Data extract section start
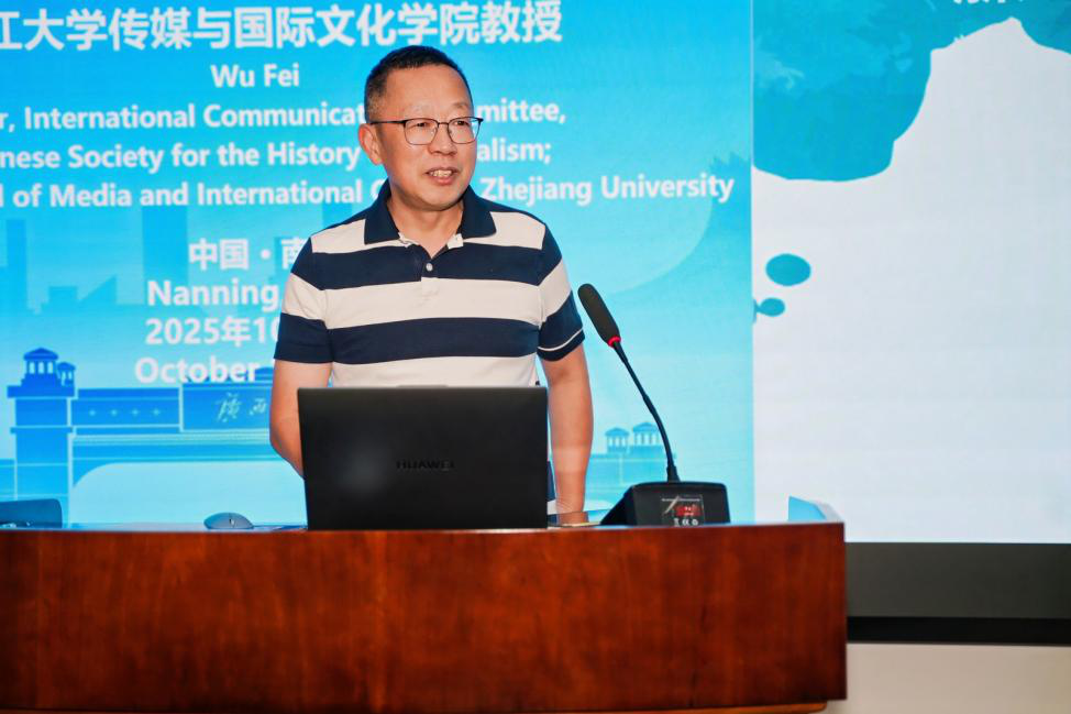 中国新闻史学会国际传播专业委员会理事长、浙江大学教授吴飞作题为《全球共通:国际传播新理论范式的哲学根基探索》的报告。他从文明冲突论的局限出发,提出国际传播理论反思;从哲学角度,探讨了人类交往的本质,并根据哈贝马斯、海德格尔等人的哲学理论,提出了国际传播理论新范式。他认为,承认存在,同时要接受对方,理解对方,尊重对方,这个世界才有可能真正做到“各美其美”。
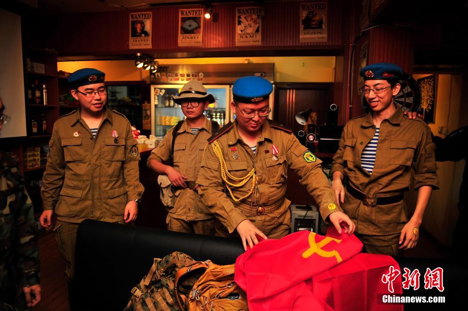 On Aug.15, army fans in Kunming gather together with their collection of army items to celebrate the 70th anniversary of the victory of Chinese People’s War against Japanese Aggression.
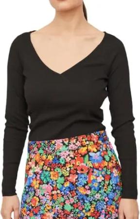Viesra V-Neck S/L Rib Knit Top
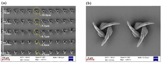 Figure 7 shows the effect of the single exposure time on the fabrication results of the chiral microstructure using MHCBs. We increased the single exposure time from 50 ms to 250 ms in increments of 50 ms as the white arrow shows in Figure 7a, whereas the used laser power was kept constant at . It was observed that the outer diameter decreases with the increase in the exposure time. However, the relationship between the outer diameter of the structure and exposure time is not linear. For example, when the exposure time is 50 ms, the outer diameter of the microstructure is approximately 10 m, whereas the outer diameter of the microstructure reaches 5.5 m with an exposure time of 250 ms. It can be explained that, when the higher exposure time is used, subunits of chiral microstructure tip towards the center and form stable microstructures. However, subunits tip towards the periphery when using a lower exposure time as shown clearly in Figure 7b.
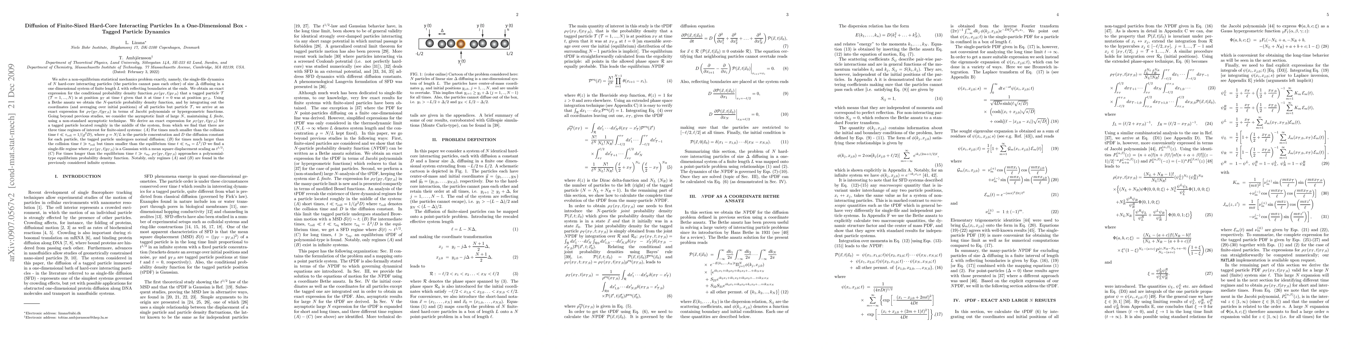 This paper exactly solves the dynamics of N hard-core interacting particles in a one-dimensional box, deriving an expression for the conditional probability of a tagged particle's position over time. It identifies three distinct time regimes: normal diffusion, a single-file Gaussian regime, and a polynomial equilibrium regime.
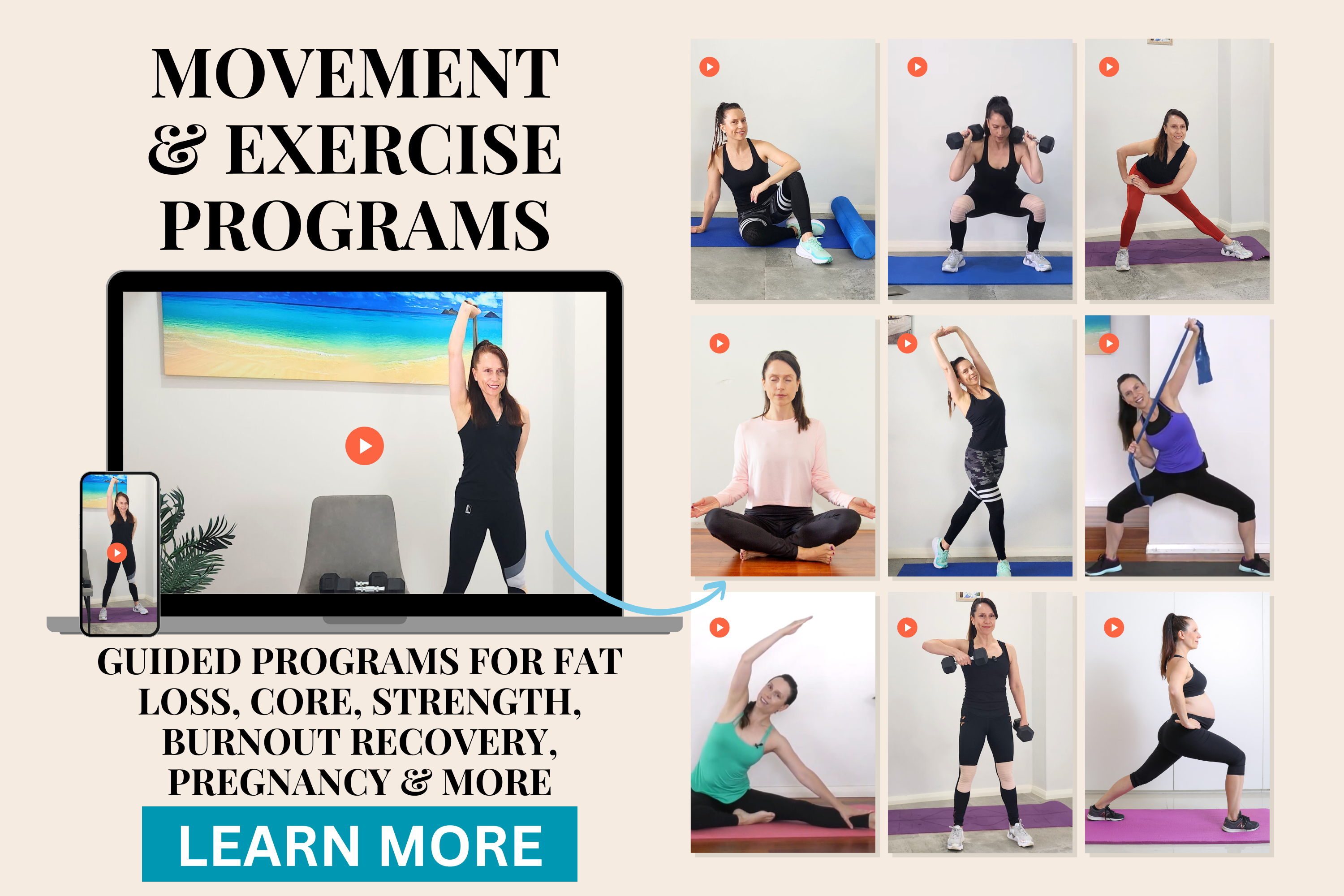 Check out my curated collection of programs that have helped people worldwide. Whether you are needing a body reshape, fat loss, burnout & stress recovery or a pregnancy plan, I've got you covered! Explore the categories and get your journey started today.
Data extract section end
Your task: Retype the records above word for word, from their first line through the line containing "Viesra V-Neck S/L Rib Knit Top", and leave out every picture.

Output for this exercise:
 中国新闻史学会国际传播专业委员会理事长、浙江大学教授吴飞作题为《全球共通:国际传播新理论范式的哲学根基探索》的报告。他从文明冲突论的局限出发,提出国际传播理论反思;从哲学角度,探讨了人类交往的本质,并根据哈贝马斯、海德格尔等人的哲学理论,提出了国际传播理论新范式。他认为,承认存在,同时要接受对方,理解对方,尊重对方,这个世界才有可能真正做到“各美其美”。
 On Aug.15, army fans in Kunming gather together with their collection of army items to celebrate the 70th anniversary of the victory of Chinese People’s War against Japanese Aggression.
Viesra V-Neck S/L Rib Knit Top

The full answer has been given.